▶ _Assigned task_
Copy the entries below exactly; any picture among them should be left out.
....................
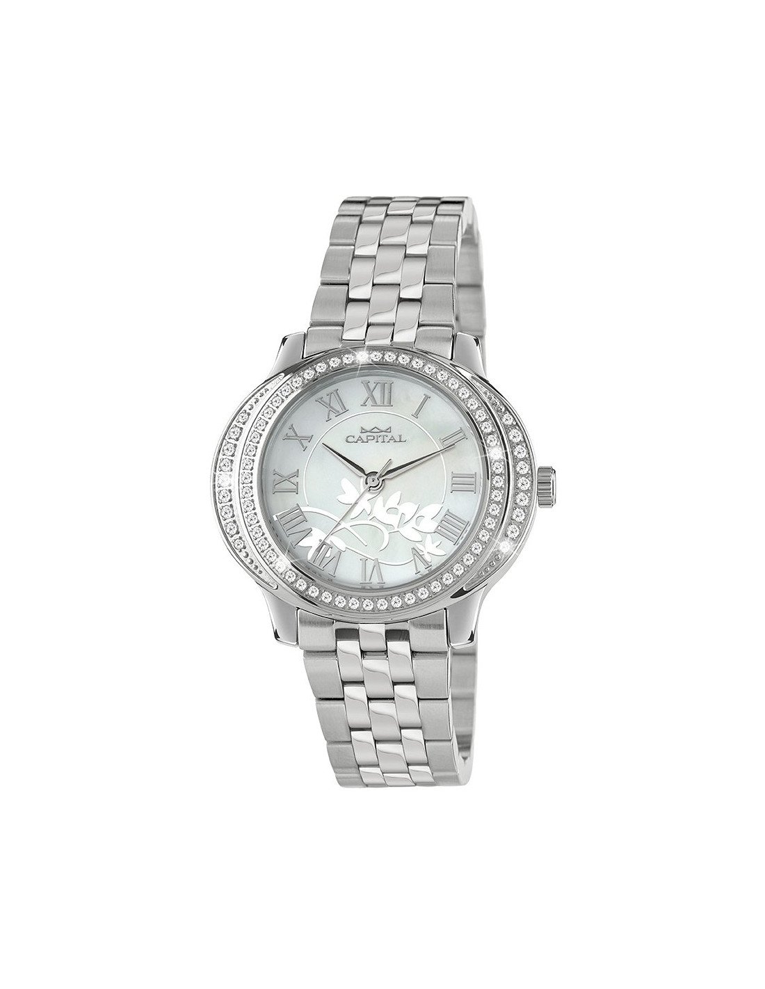 | MATERIAL COLOR AND CASE SHAPE | Steel oval case with set stones |
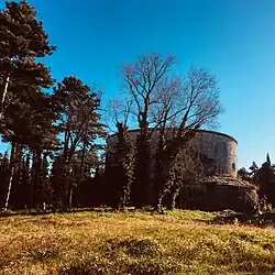The hill, a natural continuation of the San Mattia ridge, lies between the extreme valley floor of Avesa to the west (occupied today by the Pindemonte neighborhood) and the Valdonega neighborhood to the east.[30] On the highest peak (170 m) rises the shrine of Our Lady of Lourdes, built between 1958 and 1964 to a design by architect Paolo Rossi de Paoli on the centenary of the famous apparitions. The church was built by repurposing the former Austrian fort of San Leonardo, the forms of which are still clearly discernible in the circular plan of the worship building, one of the most iconic elements of the Torricelle hillside landscape. The fort, designed like the nearby Fort San Mattia in 1838 under the direction of Franz von Scholl, was granted in 1952 by the state property to the Congregation of the Stigmatine Fathers to relocate to it the shrine of Lourdes previously located in Piazza Cittadella in the city center, which had been destroyed by bombing in World War II. The new church would house the statue of the Immaculate found intact in the rubble, the work of sculptor Ugo Zannoni. From the square in front of the church, where the modern "grotto" with the statue of Our Lady stands, there is a view of the plain from the city center to the suburbs and the surrounding countryside.[31][32]
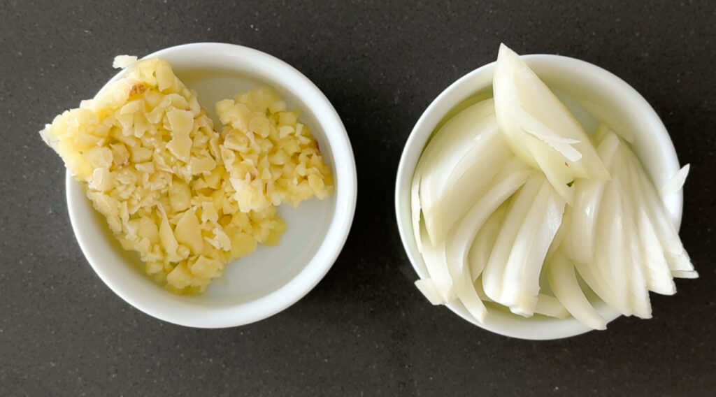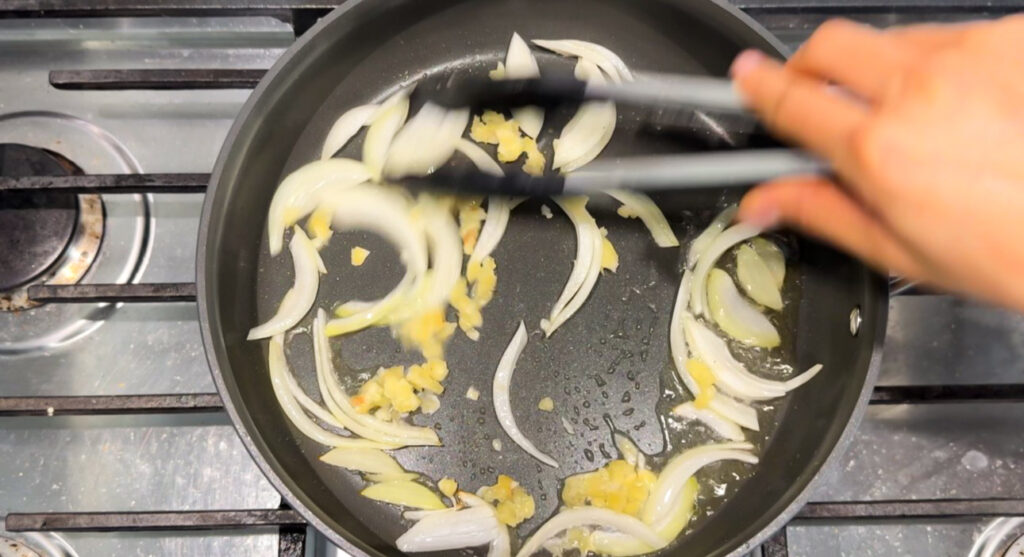 - Sauté garlic + onion until fragrant.
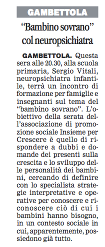 Serata formativa per genitori e insegnanti della scuola primaria col neuropsichiatra infantile. Corriere di Romagna di martedì 23 novembre 2015
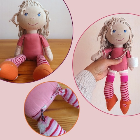 HABA-Puppe Ernie war schon einmal vor anderhalb Jahren bei mir in der Reparatur, damals ging es um ihre Arme. Dieses Mal waren es die Beine, die geflickt werden sollten.
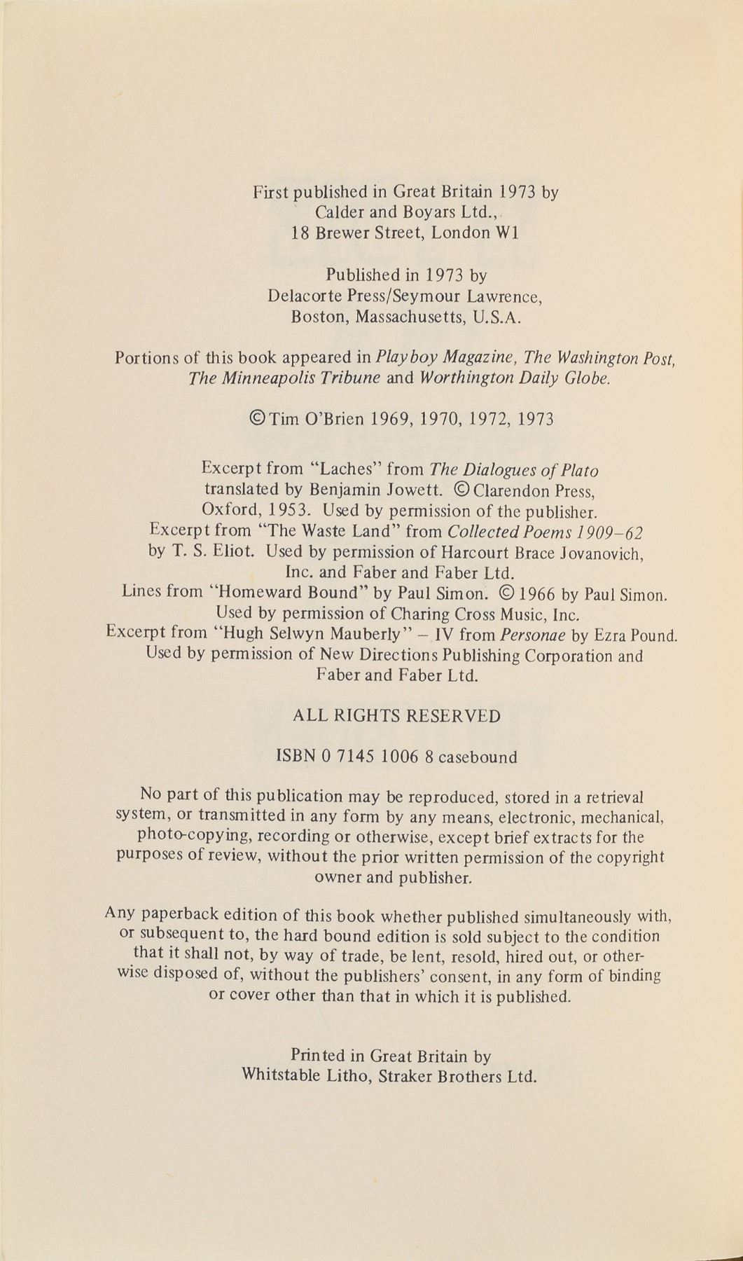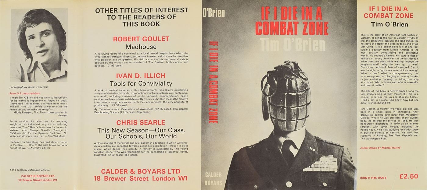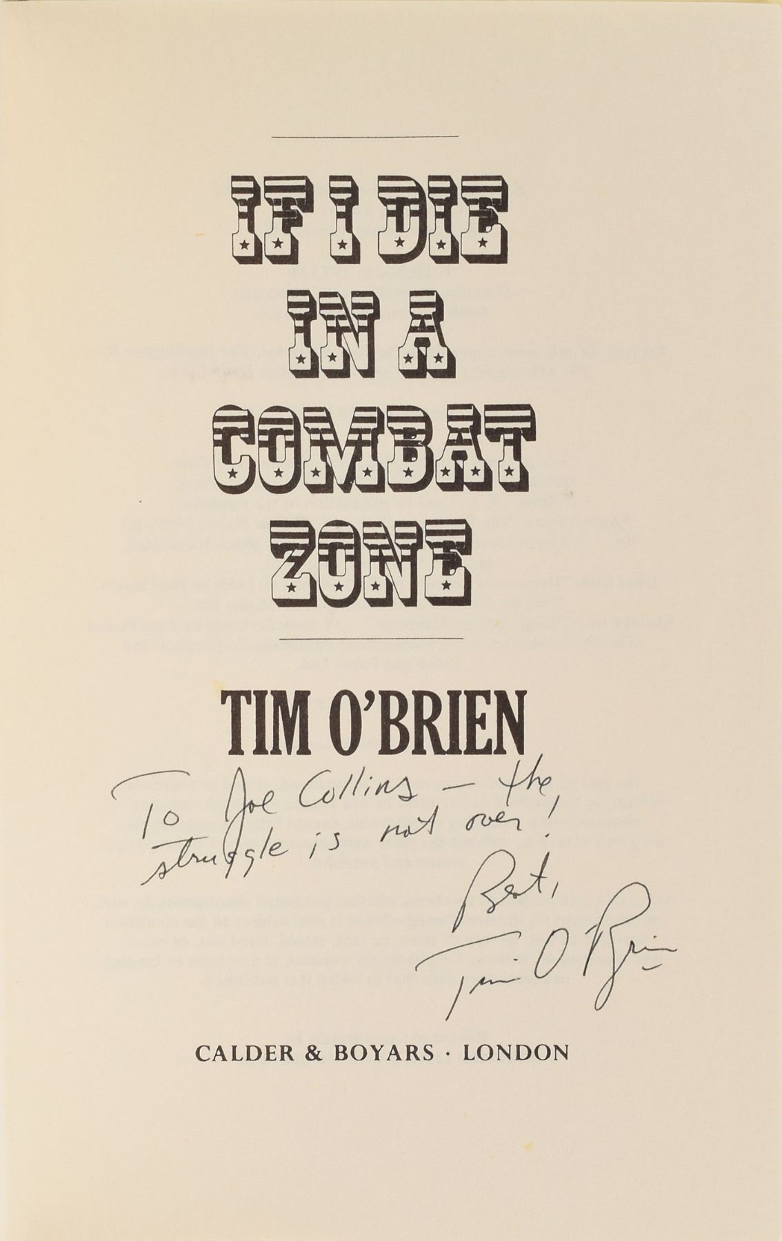 Signed book: If I Die in a Combat Zone. First British edition. London: Calder & Boyars, 1973. Hardcover with dust jacket, 5.5 x 8, 199 pages. Signed and inscribed on the title page in black felt tip, "To Joe Collins—the struggle is not over! Best, Tim O'Brien." Autographic condition: fine. Book condition: VG+/VG+.
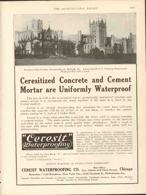 Original vintage architectural trade magazine ad for CERESIT WATERPROOFING COMPANY of Chicago, IL. Ceresitized Concrete and Cement Mortar are Uniformly Waterproof. Pictured is Northern Illinois State Normal School, DeKalb, IL. Swimming Pool in Training Department Waterproofed with Ceresit. Old 1912 construction industry advertisement.
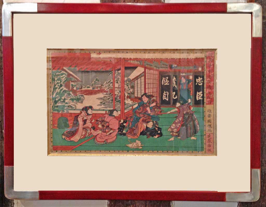 Rouge chine angles or blanc (estampe japonaise)
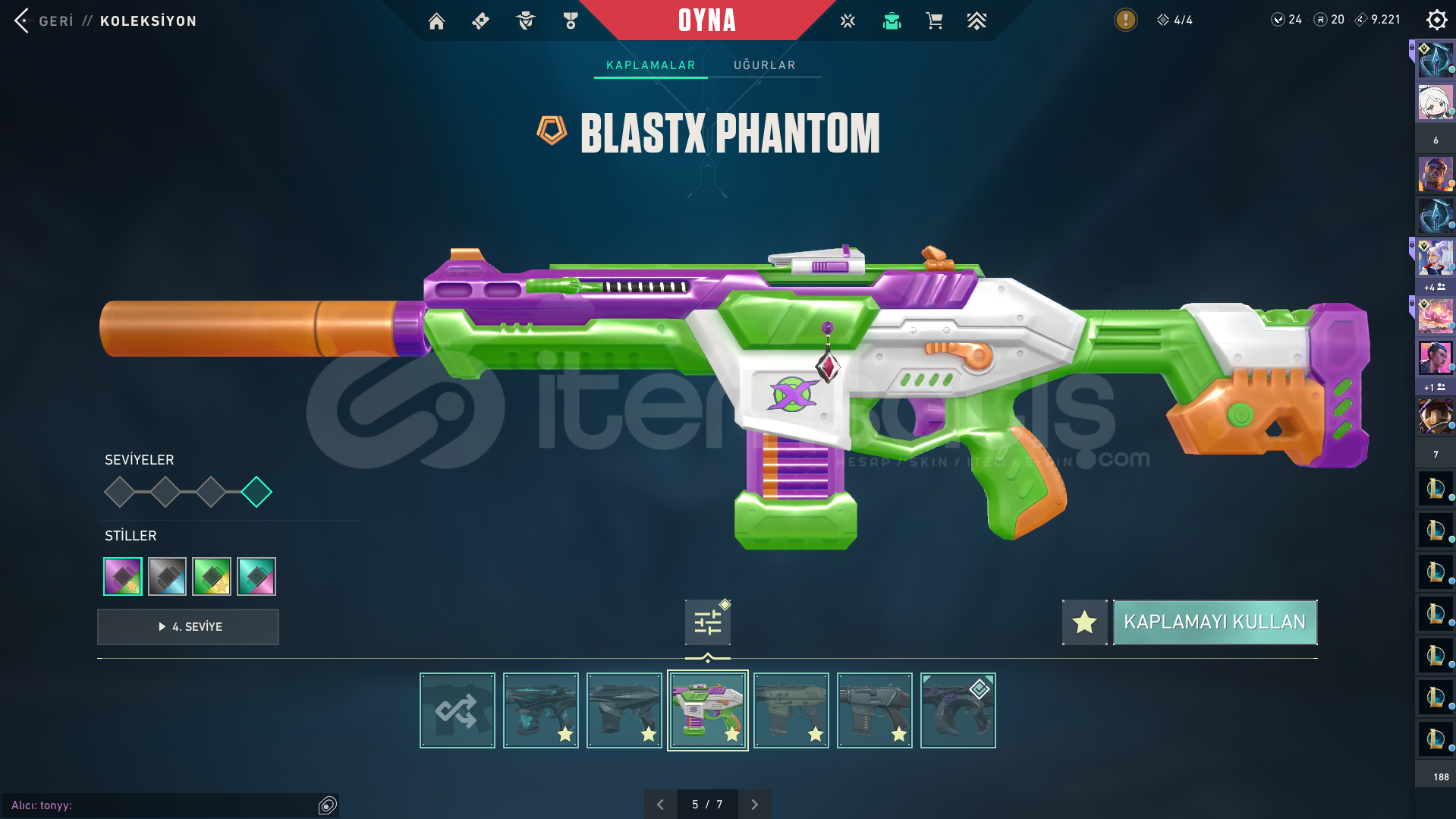 Classic: evrim classic, soğuk çelik classic Shorty: kaos shorty, Ghost: faz koruyucu ghost , fatih ghost Spectre: asil spectre, kuronami spectre, Sheriff:kuronami sheriff, anomali sheriff, Judge: evrim judge, Buldogg: faz koruyucu buldogg, zifiri buldogg Guardian: yağmacı guardian Phantom: zifiri , afet, anomali, blastx, seri tetik, özel harekat phantom Vandal: evrim , aemondır, arcane, asil, cesur yürek, exo, delipop, faz koruyucu, gaianın intikamı...
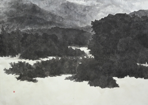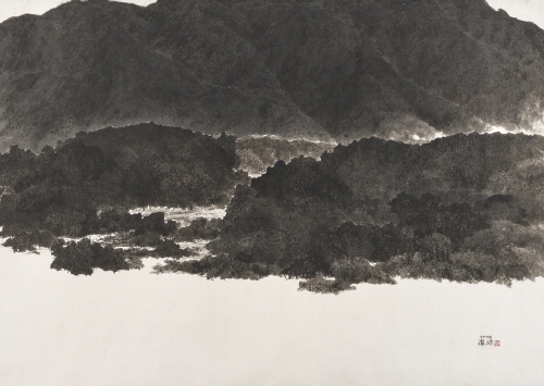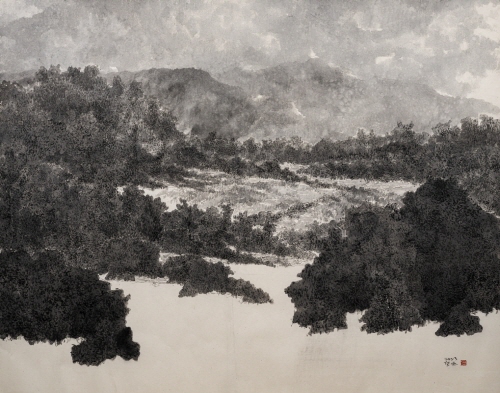 그의 화면은 대체로 검고 어둡다. 수묵화의 특징이다. 그러나 그의 수묵은 맑고 두터우며 깊이 있다. 반복적인 선염과 적묵을 통해 이루어지는 수묵의 두터움은 탁함을 기본으로 한다. 그럼에도 불구하고 그의 수묵이 맑게 느껴지는 것은 바로 물에 대한 그의 장악력과 이해가 반영된 결과일 것이다. 그는 탁함을 통해 맑음을 드러내고, 어두움을 통해 밝음을 표현하는 모순되고 상충되는 가치를 수묵을 통해 표출해 내고 있는 것이다. (중략)
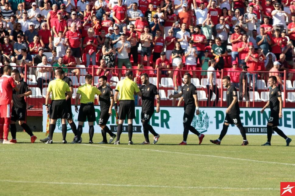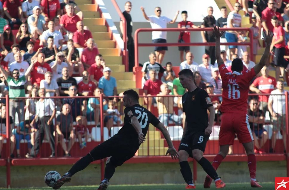 Velež je krenuo ofanzivno od prve minute, a već u petoj su umalo poveli. Raguž je pogriješio, poklonio je loptu Nusmiru Fajiću, ali Pavlović zaustavlja udarac napadača domaćeg tima.
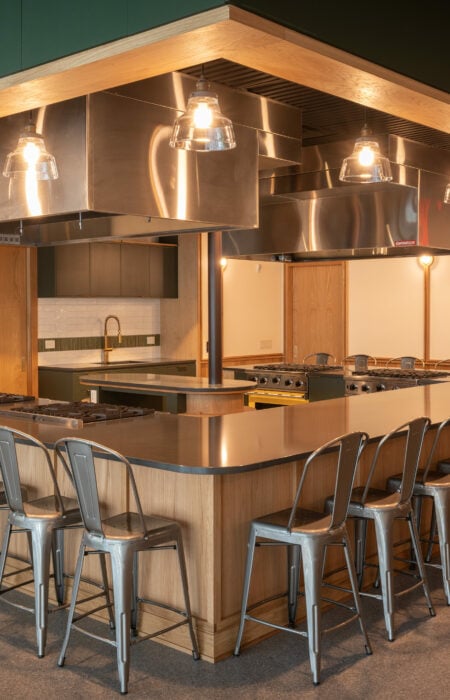 Your group works in teams of 4–6 at our prep tables alongside a chef instructor. You’ll prepare a 4–5 course meal together and then sit down to enjoy everything you created.
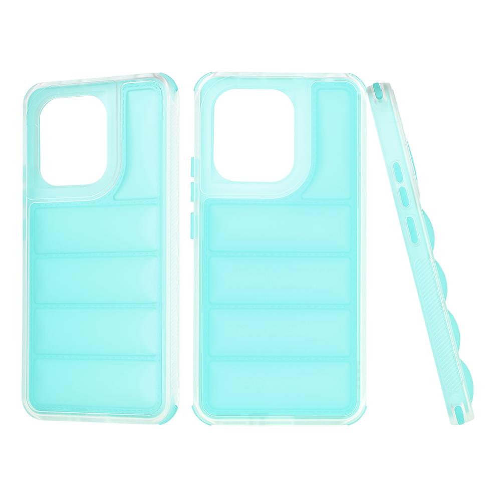 Pouzdro Techsuit Wave Shield se pyšní unikátním designem, který připomíná jemné vlny nebo prošívanou bundu. Jeho zadní strana je tvořena horizontálními, mírně vystouplými segmenty, které nejenže dodávají pouzdru moderní a hravý vzhled, ale také zlepšují úchop a minimalizují riziko vyklouznutí z ruky. Poloprůhledný tyrkysový odstín podtrhuje originalitu a umožňuje prosvítat původní barvě telefonu, zatímco precizní výřezy pro fotoaparát a tlačítka zajišťují plnou funkčnost bez kompromisů. Boční strany jsou hladké a ergonomicky tvarované pro pohodlné držení.
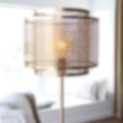 Golvlampan Hermine ger ditt hem en skön harmoni och en varm ombonad känsla. Mönsterbilderna i skärmen för tankarna till blommor. När denna fina lampa är tänd får man en varm och inbjudande känsla. Armaturen har färgen matt mässing och finns i flera olika modeller.
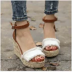 Женские шлепанцы на высоком каблуке женские летние танкетке с открытым носком
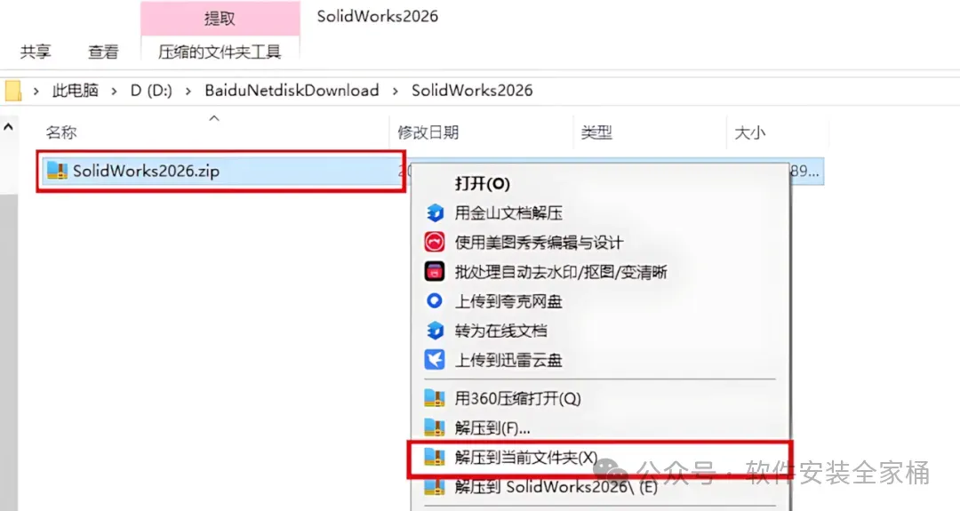 1、打开下载的SolidWorks 2026软件安装包,鼠标右击压缩包选择【解压到当前文件夹】。
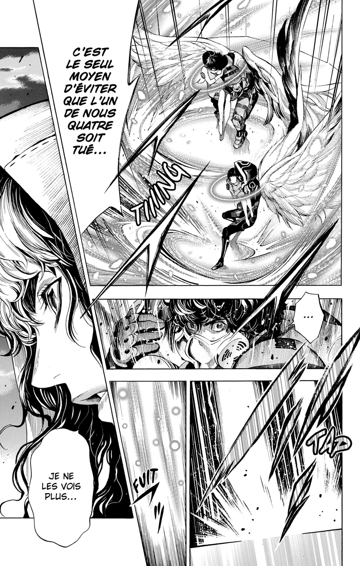 Pour sauver sa femme et sa fille, Mukaido a plongé tête baissée dans le piège tendu par l’ennemi. Rejoint par Mirai, les deux hommes sont condamnés à voler jusqu’à l’épuisement sous la surveillance de Hajime, le nouveau pantin de Metropoliman. De son côté, Rubel fait tout pour parvenir à doter de Saki du pouvoir des ailes. Obtiendra-t-elle ce don divin à temps pour venir en aide à ses alliés ?
....................
▶ _Result_
 | MATERIAL COLOR AND CASE SHAPE | Steel oval case with set stones |
The hill, a natural continuation of the San Mattia ridge, lies between the extreme valley floor of Avesa to the west (occupied today by the Pindemonte neighborhood) and the Valdonega neighborhood to the east.[30] On the highest peak (170 m) rises the shrine of Our Lady of Lourdes, built between 1958 and 1964 to a design by architect Paolo Rossi de Paoli on the centenary of the famous apparitions. The church was built by repurposing the former Austrian fort of San Leonardo, the forms of which are still clearly discernible in the circular plan of the worship building, one of the most iconic elements of the Torricelle hillside landscape. The fort, designed like the nearby Fort San Mattia in 1838 under the direction of Franz von Scholl, was granted in 1952 by the state property to the Congregation of the Stigmatine Fathers to relocate to it the shrine of Lourdes previously located in Piazza Cittadella in the city center, which had been destroyed by bombing in World War II. The new church would house the statue of the Immaculate found intact in the rubble, the work of sculptor Ugo Zannoni. From the square in front of the church, where the modern "grotto" with the statue of Our Lady stands, there is a view of the plain from the city center to the suburbs and the surrounding countryside.[31][32]
 - Sauté garlic + onion until fragrant.
 Serata formativa per genitori e insegnanti della scuola primaria col neuropsichiatra infantile. Corriere di Romagna di martedì 23 novembre 2015
 HABA-Puppe Ernie war schon einmal vor anderhalb Jahren bei mir in der Reparatur, damals ging es um ihre Arme. Dieses Mal waren es die Beine, die geflickt werden sollten.
 Signed book: If I Die in a Combat Zone. First British edition. London: Calder & Boyars, 1973. Hardcover with dust jacket, 5.5 x 8, 199 pages. Signed and inscribed on the title page in black felt tip, "To Joe Collins—the struggle is not over! Best, Tim O'Brien." Autographic condition: fine. Book condition: VG+/VG+.
 Original vintage architectural trade magazine ad for CERESIT WATERPROOFING COMPANY of Chicago, IL. Ceresitized Concrete and Cement Mortar are Uniformly Waterproof. Pictured is Northern Illinois State Normal School, DeKalb, IL. Swimming Pool in Training Department Waterproofed with Ceresit. Old 1912 construction industry advertisement.
 Rouge chine angles or blanc (estampe japonaise)
 Classic: evrim classic, soğuk çelik classic Shorty: kaos shorty, Ghost: faz koruyucu ghost , fatih ghost Spectre: asil spectre, kuronami spectre, Sheriff:kuronami sheriff, anomali sheriff, Judge: evrim judge, Buldogg: faz koruyucu buldogg, zifiri buldogg Guardian: yağmacı guardian Phantom: zifiri , afet, anomali, blastx, seri tetik, özel harekat phantom Vandal: evrim , aemondır, arcane, asil, cesur yürek, exo, delipop, faz koruyucu, gaianın intikamı...
 그의 화면은 대체로 검고 어둡다. 수묵화의 특징이다. 그러나 그의 수묵은 맑고 두터우며 깊이 있다. 반복적인 선염과 적묵을 통해 이루어지는 수묵의 두터움은 탁함을 기본으로 한다. 그럼에도 불구하고 그의 수묵이 맑게 느껴지는 것은 바로 물에 대한 그의 장악력과 이해가 반영된 결과일 것이다. 그는 탁함을 통해 맑음을 드러내고, 어두움을 통해 밝음을 표현하는 모순되고 상충되는 가치를 수묵을 통해 표출해 내고 있는 것이다. (중략)
 Velež je krenuo ofanzivno od prve minute, a već u petoj su umalo poveli. Raguž je pogriješio, poklonio je loptu Nusmiru Fajiću, ali Pavlović zaustavlja udarac napadača domaćeg tima.
 Your group works in teams of 4–6 at our prep tables alongside a chef instructor. You’ll prepare a 4–5 course meal together and then sit down to enjoy everything you created.
 Pouzdro Techsuit Wave Shield se pyšní unikátním designem, který připomíná jemné vlny nebo prošívanou bundu. Jeho zadní strana je tvořena horizontálními, mírně vystouplými segmenty, které nejenže dodávají pouzdru moderní a hravý vzhled, ale také zlepšují úchop a minimalizují riziko vyklouznutí z ruky. Poloprůhledný tyrkysový odstín podtrhuje originalitu a umožňuje prosvítat původní barvě telefonu, zatímco precizní výřezy pro fotoaparát a tlačítka zajišťují plnou funkčnost bez kompromisů. Boční strany jsou hladké a ergonomicky tvarované pro pohodlné držení.
 Golvlampan Hermine ger ditt hem en skön harmoni och en varm ombonad känsla. Mönsterbilderna i skärmen för tankarna till blommor. När denna fina lampa är tänd får man en varm och inbjudande känsla. Armaturen har färgen matt mässing och finns i flera olika modeller.
 Женские шлепанцы на высоком каблуке женские летние танкетке с открытым носком
 1、打开下载的SolidWorks 2026软件安装包,鼠标右击压缩包选择【解压到当前文件夹】。
 Pour sauver sa femme et sa fille, Mukaido a plongé tête baissée dans le piège tendu par l’ennemi. Rejoint par Mirai, les deux hommes sont condamnés à voler jusqu’à l’épuisement sous la surveillance de Hajime, le nouveau pantin de Metropoliman. De son côté, Rubel fait tout pour parvenir à doter de Saki du pouvoir des ailes. Obtiendra-t-elle ce don divin à temps pour venir en aide à ses alliés ?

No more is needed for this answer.